American sports journalist

Michael Voepel is an American sportswriter. He has reported on women's sports for ESPN since 1996 and has been described by the company as "the foremost authority on women's basketball".

== Biography ==
Voepel was born in Los Angeles, California, and he grew up in Moscow Mills, Missouri. Voepel studied journalism at the University of Missouri, where he reported on his first women's basketball game and graduated in 1987. Voepel's first job was in Jackson, Tennessee, and he later worked for news outlets in Columbia, Newport News, and Kansas City, including the Columbia Daily Tribune and The Kansas City Star.

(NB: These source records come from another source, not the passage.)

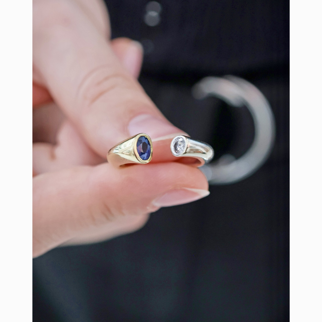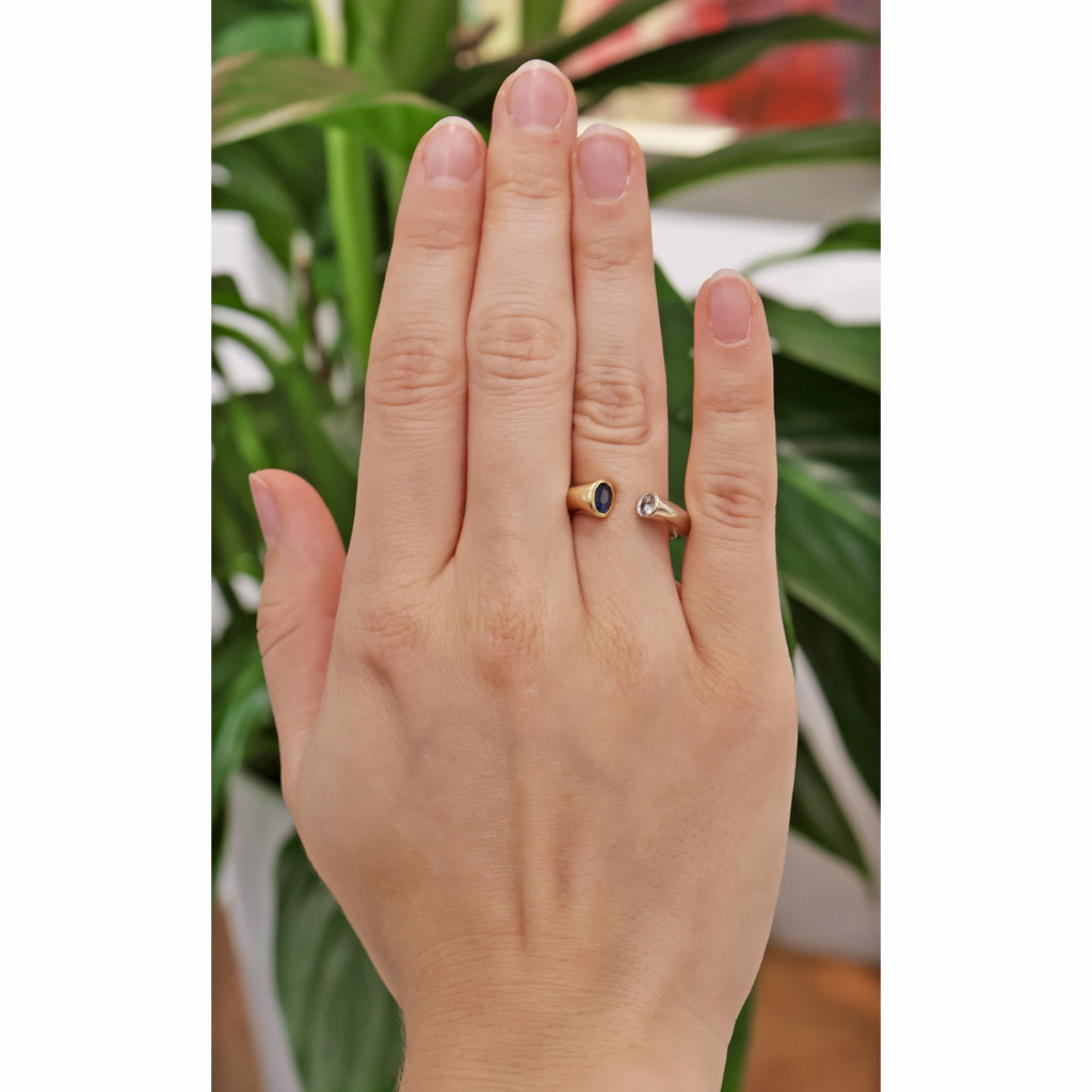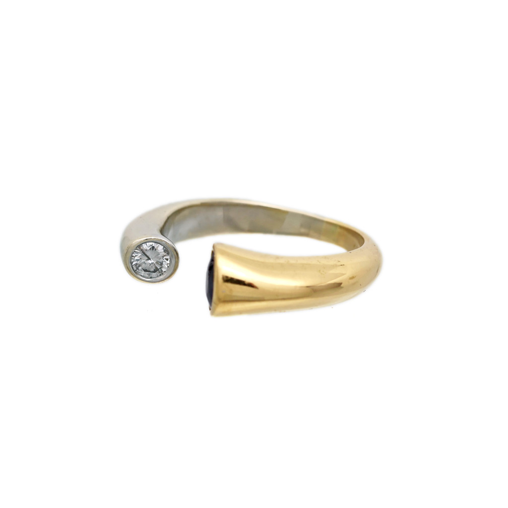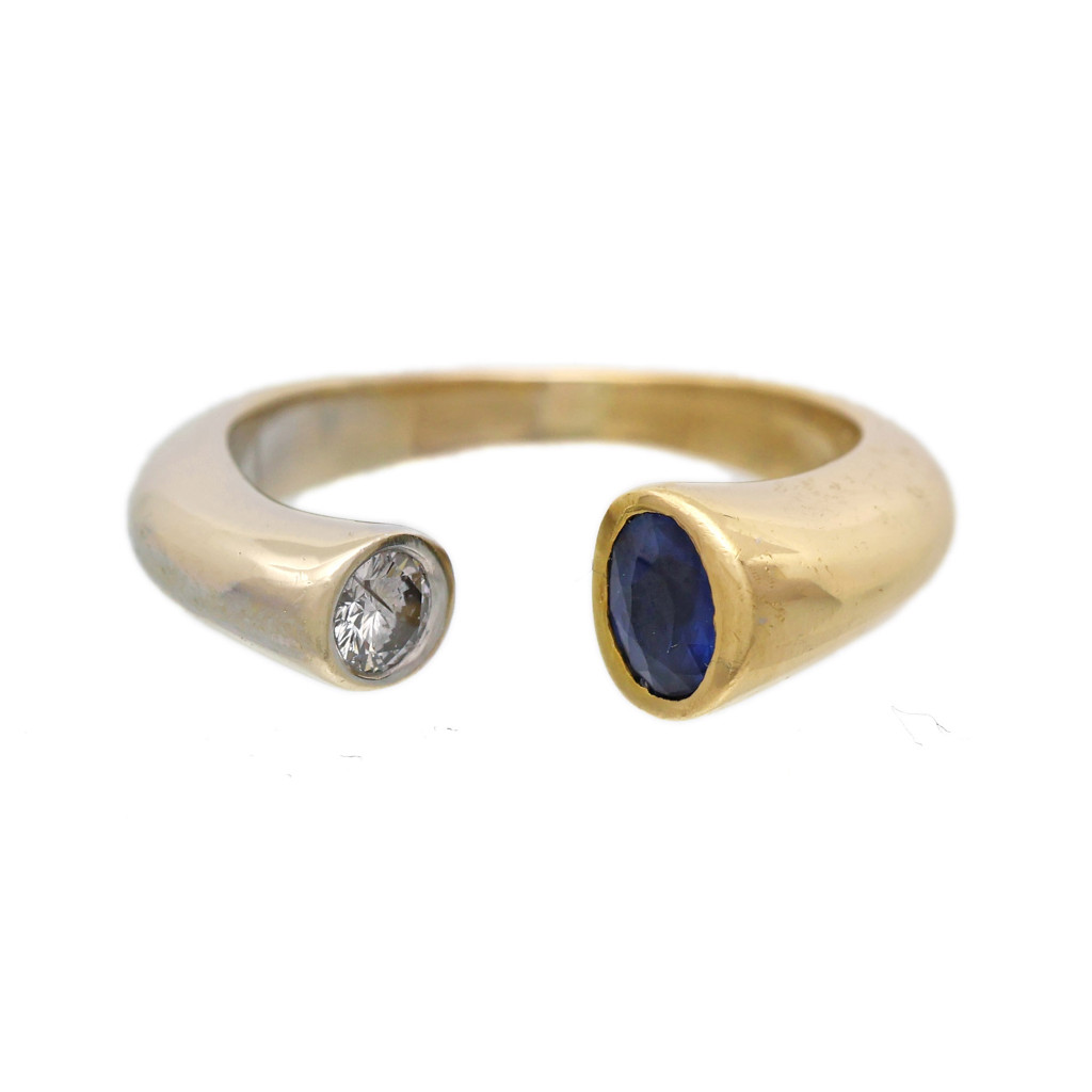 Zlatý prsten se safírem a diamantem
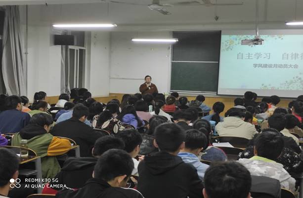 为了引导学生养成自主学习和自律行为的良好习惯,更好的迎接学校本科教学评估,2020年10月14日晚,澳门pg官方电子平台在南楼307教室开展了“自主学习、自律行为”主题学风建设月动员大会。
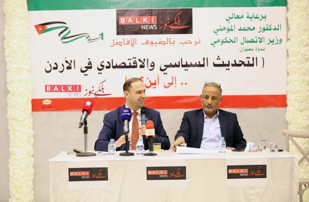 كما أكد المومني أن مسار التحديث الاقتصادي يسير وفق رؤية واضحة تهدف إلى تحسين معيشة المواطنين، مشيراً إلى أن الحكومة حققت تقدماً ملحوظاً في تفعيل شراكات استثمارية جديدة وضبط النفقات، وشدد على أهمية الحوار المباشر الذي يهدف إلى إنضاج الرؤى، مشيداً بدور "صالون بلكي" في تفعيل هذا الحوار خارج العاصمة.
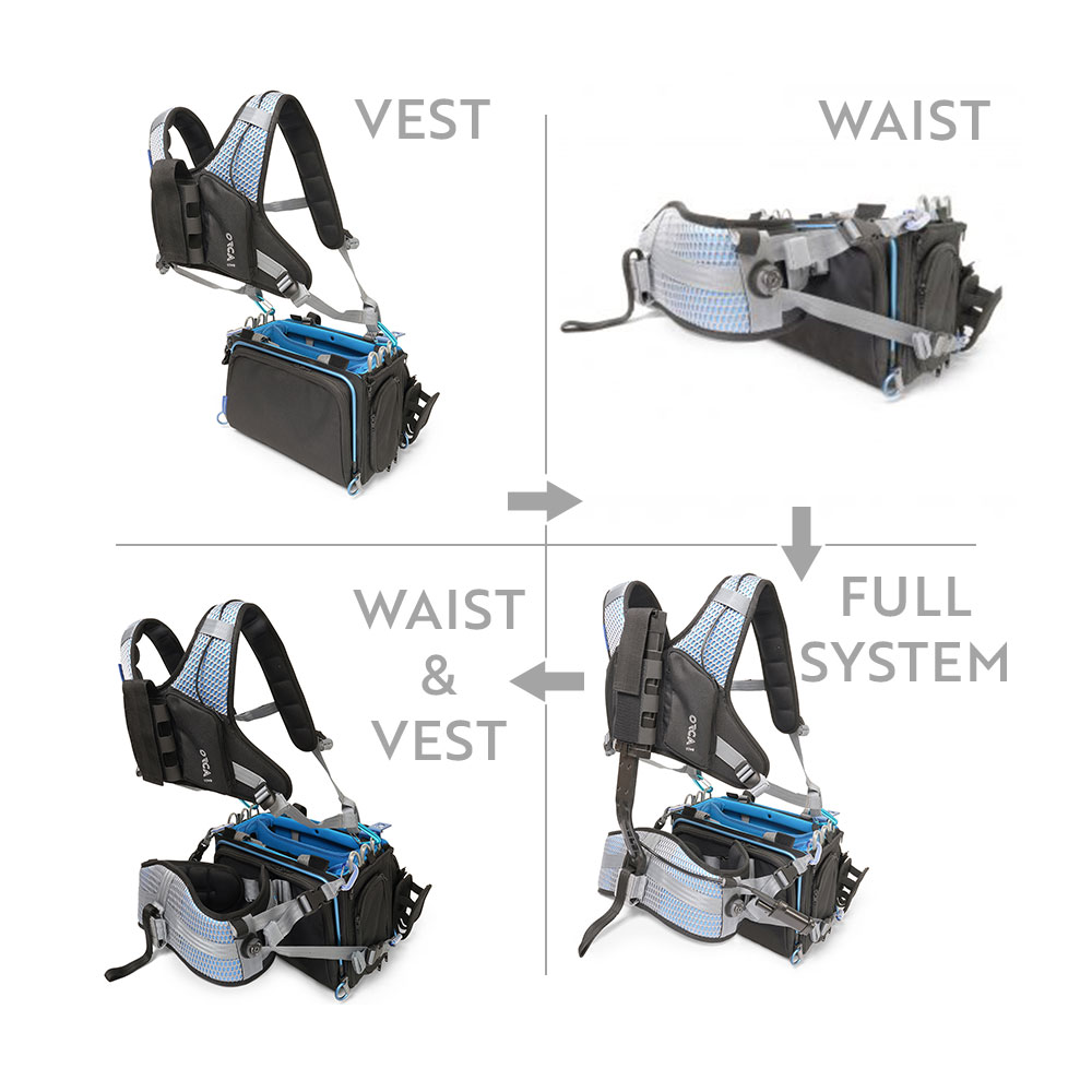 O Orca OR-445 (Spinal Support System) Sound Bag Harness é um design patenteado destinado a proteger e apoiar as costas dos operadores de áudio enquanto transportam equipamento pesado. O arnês vem num tamanho que se adapta à maioria dos utilizadores, garantindo uma solução versátil para profissionais que necessitam de mobilidade e conforto sem comprometer a segurança ergonómica.
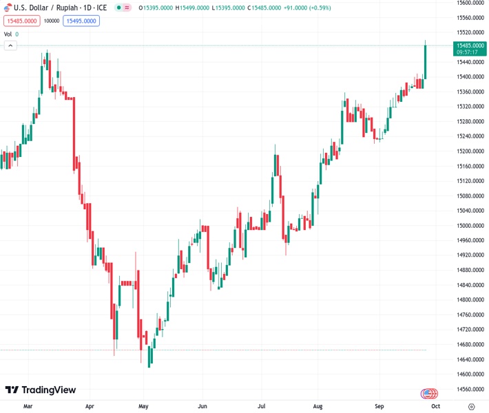 UOB believes there is still room for the USD to IDR exchange rate to increase, currently sitting at 15,485.0.
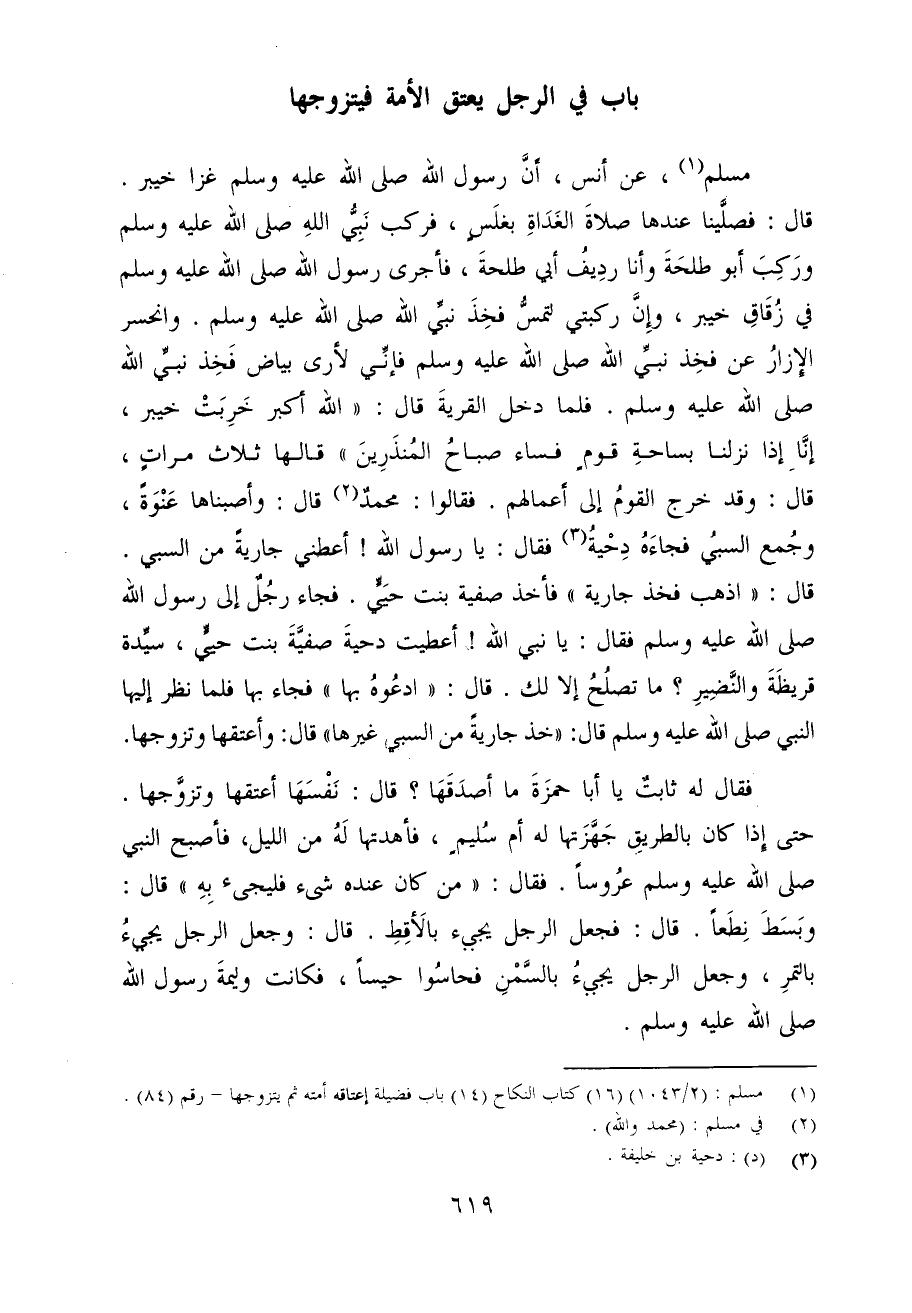 (¬1) (2/ 1043) (16) كتاب النكاح (14) باب فضيلة إعتاقه أمته ثم يتزوجها - رقم (84).

In 1996, Voepel joined ESPN.com to cover women's basketball, both collegiate and professional, and has since attended multiple collegiate Women's Final Four national semi-finals. Voepel has also covered other college sports and attended the Summer Olympic Games, the Winter Olympic Games, the FIFA Women's World Cup, and various professional golf tournaments. Voepel received the 2003 Mel Greenberg Media Award, awarded by the Women's Basketball Coaches Association, for his writing for The Kansas City Star and ESPN. Since 2008, Voepel has exclusively reported for ESPN.com.

Voepel was honored by the Missouri Sports Hall of Fame in 2014. In early 2022, Voepel received the Curt Gowdy Media Award for print media from the Naismith Memorial Basketball Hall of Fame for contributions to basketball media. Formerly known by the name Mechelle, Voepel came out as transgender on Twitter that August and explained he had begun a gender transition and would begin using the byline M.A. Voepel and masculine personal pronouns. Voepel wrote that winning the Curt Gowdy Media Award earlier that year motivated him to make the announcement, because he wanted to accept the award as his "authentic self" at the award ceremony the following month.